(Work instruction):
Scan the records below for the line containing "Un petit léopard" and the line containing "Τρίγλυφο μετόπης από". Copy both, plus every line between, exactly.

┄┄┄┄┄┄

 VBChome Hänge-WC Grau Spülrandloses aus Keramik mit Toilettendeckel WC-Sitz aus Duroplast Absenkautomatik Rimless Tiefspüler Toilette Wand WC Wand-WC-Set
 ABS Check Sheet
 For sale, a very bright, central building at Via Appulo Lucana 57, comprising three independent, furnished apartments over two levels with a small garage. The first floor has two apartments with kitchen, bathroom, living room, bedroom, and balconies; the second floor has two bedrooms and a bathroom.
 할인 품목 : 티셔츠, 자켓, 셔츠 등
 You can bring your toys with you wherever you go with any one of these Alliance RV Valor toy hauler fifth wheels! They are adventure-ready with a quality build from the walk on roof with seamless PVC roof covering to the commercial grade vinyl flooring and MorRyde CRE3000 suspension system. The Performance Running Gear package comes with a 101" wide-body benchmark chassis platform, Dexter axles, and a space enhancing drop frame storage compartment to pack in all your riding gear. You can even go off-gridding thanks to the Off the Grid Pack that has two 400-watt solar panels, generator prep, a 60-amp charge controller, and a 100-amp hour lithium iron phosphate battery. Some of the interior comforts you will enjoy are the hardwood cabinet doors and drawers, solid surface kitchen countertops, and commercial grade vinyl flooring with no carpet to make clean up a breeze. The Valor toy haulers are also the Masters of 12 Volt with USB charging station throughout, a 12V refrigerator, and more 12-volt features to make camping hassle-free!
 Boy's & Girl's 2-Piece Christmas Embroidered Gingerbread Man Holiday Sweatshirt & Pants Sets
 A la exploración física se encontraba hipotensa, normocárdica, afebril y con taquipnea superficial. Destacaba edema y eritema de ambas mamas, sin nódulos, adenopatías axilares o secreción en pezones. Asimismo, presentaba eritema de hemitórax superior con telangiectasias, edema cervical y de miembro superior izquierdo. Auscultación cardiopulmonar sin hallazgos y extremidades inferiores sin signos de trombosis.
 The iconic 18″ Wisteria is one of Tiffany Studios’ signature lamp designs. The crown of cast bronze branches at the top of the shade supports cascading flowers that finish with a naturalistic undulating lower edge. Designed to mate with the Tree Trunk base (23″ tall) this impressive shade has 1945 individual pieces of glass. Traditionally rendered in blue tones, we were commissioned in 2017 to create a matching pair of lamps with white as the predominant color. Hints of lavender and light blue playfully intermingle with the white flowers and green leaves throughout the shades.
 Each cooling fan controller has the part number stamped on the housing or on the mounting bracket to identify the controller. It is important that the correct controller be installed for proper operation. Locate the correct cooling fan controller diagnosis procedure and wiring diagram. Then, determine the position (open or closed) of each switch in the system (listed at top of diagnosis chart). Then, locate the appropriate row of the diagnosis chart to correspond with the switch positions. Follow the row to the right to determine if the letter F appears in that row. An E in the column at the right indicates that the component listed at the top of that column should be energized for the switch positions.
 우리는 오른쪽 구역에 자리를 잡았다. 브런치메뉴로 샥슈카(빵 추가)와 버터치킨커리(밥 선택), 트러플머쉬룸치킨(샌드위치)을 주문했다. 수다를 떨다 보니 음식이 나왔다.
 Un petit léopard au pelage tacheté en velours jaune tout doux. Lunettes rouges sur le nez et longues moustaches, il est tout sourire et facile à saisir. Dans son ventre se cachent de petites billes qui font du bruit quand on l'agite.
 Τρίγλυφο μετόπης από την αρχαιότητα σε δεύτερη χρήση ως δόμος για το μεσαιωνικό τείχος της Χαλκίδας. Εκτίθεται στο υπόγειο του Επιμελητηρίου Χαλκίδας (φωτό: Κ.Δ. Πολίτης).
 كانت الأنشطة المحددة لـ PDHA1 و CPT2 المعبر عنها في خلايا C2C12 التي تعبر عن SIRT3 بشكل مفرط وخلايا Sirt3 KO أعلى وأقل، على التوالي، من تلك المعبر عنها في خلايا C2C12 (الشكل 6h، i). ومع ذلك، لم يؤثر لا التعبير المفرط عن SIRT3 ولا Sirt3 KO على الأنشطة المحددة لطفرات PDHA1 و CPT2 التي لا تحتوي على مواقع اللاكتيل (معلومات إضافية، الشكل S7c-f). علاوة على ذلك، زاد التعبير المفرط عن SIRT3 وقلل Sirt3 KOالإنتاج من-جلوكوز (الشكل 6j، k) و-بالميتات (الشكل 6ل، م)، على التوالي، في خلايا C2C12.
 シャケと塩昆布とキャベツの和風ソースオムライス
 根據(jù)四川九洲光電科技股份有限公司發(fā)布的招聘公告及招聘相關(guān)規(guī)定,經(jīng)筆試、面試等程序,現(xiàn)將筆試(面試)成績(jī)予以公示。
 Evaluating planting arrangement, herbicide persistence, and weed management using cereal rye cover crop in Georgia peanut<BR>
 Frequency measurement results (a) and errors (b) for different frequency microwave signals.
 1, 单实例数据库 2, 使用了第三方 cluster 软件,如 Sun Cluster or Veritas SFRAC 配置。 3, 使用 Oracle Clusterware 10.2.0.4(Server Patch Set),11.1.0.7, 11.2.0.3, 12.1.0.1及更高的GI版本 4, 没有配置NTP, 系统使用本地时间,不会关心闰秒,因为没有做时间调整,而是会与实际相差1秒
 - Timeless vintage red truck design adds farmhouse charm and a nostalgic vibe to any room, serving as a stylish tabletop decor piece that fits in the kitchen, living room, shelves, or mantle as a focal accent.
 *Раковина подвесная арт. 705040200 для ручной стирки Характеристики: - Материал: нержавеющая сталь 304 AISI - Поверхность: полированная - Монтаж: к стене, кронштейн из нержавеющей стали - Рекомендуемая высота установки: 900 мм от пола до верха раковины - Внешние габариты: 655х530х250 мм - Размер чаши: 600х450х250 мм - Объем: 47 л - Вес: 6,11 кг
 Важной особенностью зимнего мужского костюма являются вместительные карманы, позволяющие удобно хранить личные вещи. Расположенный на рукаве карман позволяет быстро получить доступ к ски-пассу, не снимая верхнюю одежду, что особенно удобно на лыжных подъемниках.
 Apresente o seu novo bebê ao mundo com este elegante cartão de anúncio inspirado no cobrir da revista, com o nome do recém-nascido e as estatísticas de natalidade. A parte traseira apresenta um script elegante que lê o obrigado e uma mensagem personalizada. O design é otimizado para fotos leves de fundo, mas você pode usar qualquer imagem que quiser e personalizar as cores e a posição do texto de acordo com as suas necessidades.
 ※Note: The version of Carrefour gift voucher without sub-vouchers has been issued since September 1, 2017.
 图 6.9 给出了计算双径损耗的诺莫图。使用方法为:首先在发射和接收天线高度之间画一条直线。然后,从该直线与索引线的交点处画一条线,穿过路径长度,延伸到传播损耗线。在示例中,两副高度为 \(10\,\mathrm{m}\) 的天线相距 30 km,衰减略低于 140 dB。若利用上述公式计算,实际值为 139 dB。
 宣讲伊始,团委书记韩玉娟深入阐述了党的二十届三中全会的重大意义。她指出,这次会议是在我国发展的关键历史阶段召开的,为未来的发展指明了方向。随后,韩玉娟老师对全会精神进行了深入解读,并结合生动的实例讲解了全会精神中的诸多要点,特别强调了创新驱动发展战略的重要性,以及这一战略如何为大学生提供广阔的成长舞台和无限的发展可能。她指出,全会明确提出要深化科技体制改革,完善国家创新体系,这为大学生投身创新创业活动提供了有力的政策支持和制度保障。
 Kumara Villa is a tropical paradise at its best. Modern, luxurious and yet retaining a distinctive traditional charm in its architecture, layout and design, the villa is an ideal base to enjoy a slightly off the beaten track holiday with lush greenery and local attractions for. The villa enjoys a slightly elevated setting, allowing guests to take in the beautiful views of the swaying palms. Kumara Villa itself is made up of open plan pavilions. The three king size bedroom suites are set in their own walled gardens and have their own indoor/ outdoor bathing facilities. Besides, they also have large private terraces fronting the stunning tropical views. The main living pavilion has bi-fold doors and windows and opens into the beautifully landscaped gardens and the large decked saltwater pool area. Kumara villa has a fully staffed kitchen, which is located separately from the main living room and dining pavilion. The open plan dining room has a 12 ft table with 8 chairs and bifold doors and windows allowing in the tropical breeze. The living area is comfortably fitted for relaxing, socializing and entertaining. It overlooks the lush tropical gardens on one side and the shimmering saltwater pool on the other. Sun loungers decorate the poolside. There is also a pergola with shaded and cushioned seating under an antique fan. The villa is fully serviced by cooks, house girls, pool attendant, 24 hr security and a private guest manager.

┄┄┄┄┄┄

(Problem solution):
 Un petit léopard au pelage tacheté en velours jaune tout doux. Lunettes rouges sur le nez et longues moustaches, il est tout sourire et facile à saisir. Dans son ventre se cachent de petites billes qui font du bruit quand on l'agite.
 Τρίγλυφο μετόπης από την αρχαιότητα σε δεύτερη χρήση ως δόμος για το μεσαιωνικό τείχος της Χαλκίδας. Εκτίθεται στο υπόγειο του Επιμελητηρίου Χαλκίδας (φωτό: Κ.Δ. Πολίτης).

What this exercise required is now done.